Mit dem angefochtenen Bescheid vom 20. Februar 2003 hat die belangte Behörde gemäß § 69 Abs. 1 Z 1 AVG die Wiederaufnahme des mit Bescheid vom 27. Jänner 2003 abgeschlossenen Verleihungsverfahrens verfügt (Punkt 1.), gemäß § 20 Abs. 2 und Abs. 5 iVm § 10 Abs. 1 Z 6 StbG die (mit Bescheid vom 18. März 2002 ausgesprochene) Zusicherung der Verleihung der Staatsbürgerschaft an den Erstbeschwerdeführer und die Zusicherung der Erstreckung derselben an die zweit-, dritt- und viertbeschwerdeführenden Parteien widerrufen (Punkt 2.), den Antrag des Erstbeschwerdeführers auf Verleihung der österreichischen Staatsbürgerschaft gemäß §§ 10, 11a 12, 13 und 14 StbG abgewiesen (Punkt 3.) und die Anträge der zweit-, dritt- und viertbeschwerdeführenden Parteien auf Erstreckung derselben gemäß § 17 StbG abgewiesen (Punkt 4.).

Begründend führte sie aus, der Erstbeschwerdeführer sei seit 26. Februar 1986 mit (der türkischen Staatsangehörigen) H verheiratet und habe seit 28. Juli 1987 ununterbrochen den Hauptwohnsitz in Österreich.
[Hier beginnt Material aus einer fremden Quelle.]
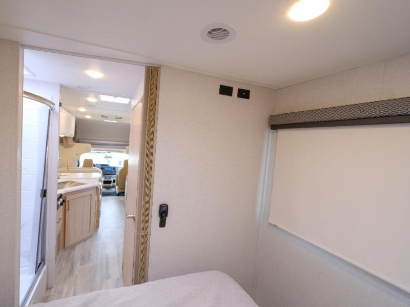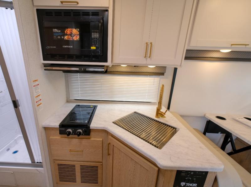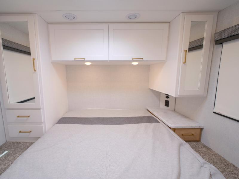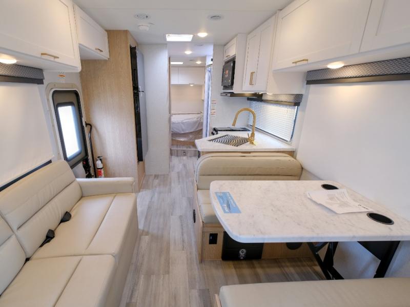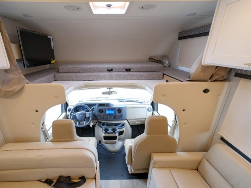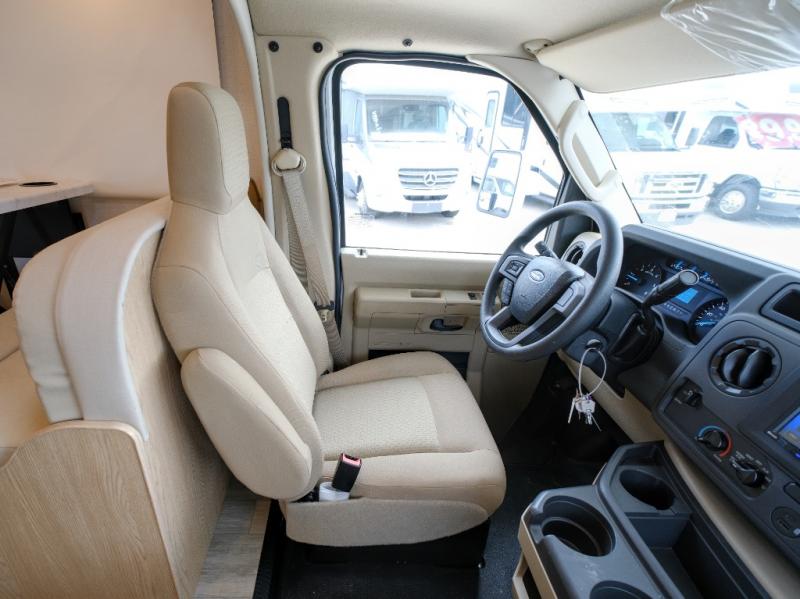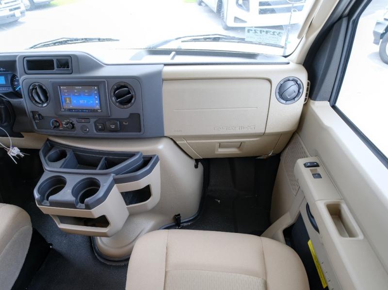 With any Four Winds ESpec Class C gas motorhome by Thor Motor Coach, you will find convenient amenities, a modern interior, and a reliable Ford E-Series chassis, with an optional Chevy chassis on select models to power your adventures. There is welded tubular aluminum roof and sidewall cage construction, a one-piece fiberglass front cap, and a one-piece domed roof membrane for added strength. Residential vinyl flooring will be easy to keep clean, and you'll love the sleek look of the Hampton Collection, two-toned cabinets. These motorhomes also include a 50 state 4.0 kW dual gas/LP generator and a 30-amp shoreline power cord to keep you going, along with a tankless water heater and 13,500 roof front A/C to ensure your comfort!

Am 14. Jänner 2003 sei der Erstbeschwerdeführer vom Gendarmerieposten x wegen des Verdachtes der Körperverletzung gemäß § 83 StGB und der gefährlichen Drohung nach § 107 StGB an seiner Ehegattin an die Staatsanwaltschaft y zur Anzeige gebracht worden. Dieser Anzeige liege der folgende Tatverdacht (Sachverhalt) zu Grunde:

"D hat am 01.01.2003 gegen 01.00 Uhr seiner auf dem Ehebett liegenden Ehegattin H mit einem hölzernen Nudelholz zwei- bis dreimal gegen den Oberschenkel links und gegen die Schulter links und rechtsseitig sowie das rechte Fußgelenk und das linke Ellenbogengelenk geschlagen. Dieser Tat ging voraus, dass seine Ehegattin nicht mit ihm schlafen wollte, weshalb er die Schlafzimmertüre von innen abschloss und seine Gattin - wie dargestellt - mit dem Nudelholz schlug. Durch diese Schläge verspürte seine Gattin starke Schmerzen und wollte ihn zur Anzeige bringen. H wurde deshalb von D mit dem Zurückschicken in die Türkei, dem Lächerlichmachen vor Bekannten, der Wegnahme der Kinder und dem Zerreißen des türkischen Passes bedroht. H erlitt durch die Misshandlungen ihres Ehegatten ein großes Hämatom im Bereich des linken Oberschenkels, eine kleine Exkoriation am linken Ellbogen und eine Schürfung/Hämatom am Hals rechts."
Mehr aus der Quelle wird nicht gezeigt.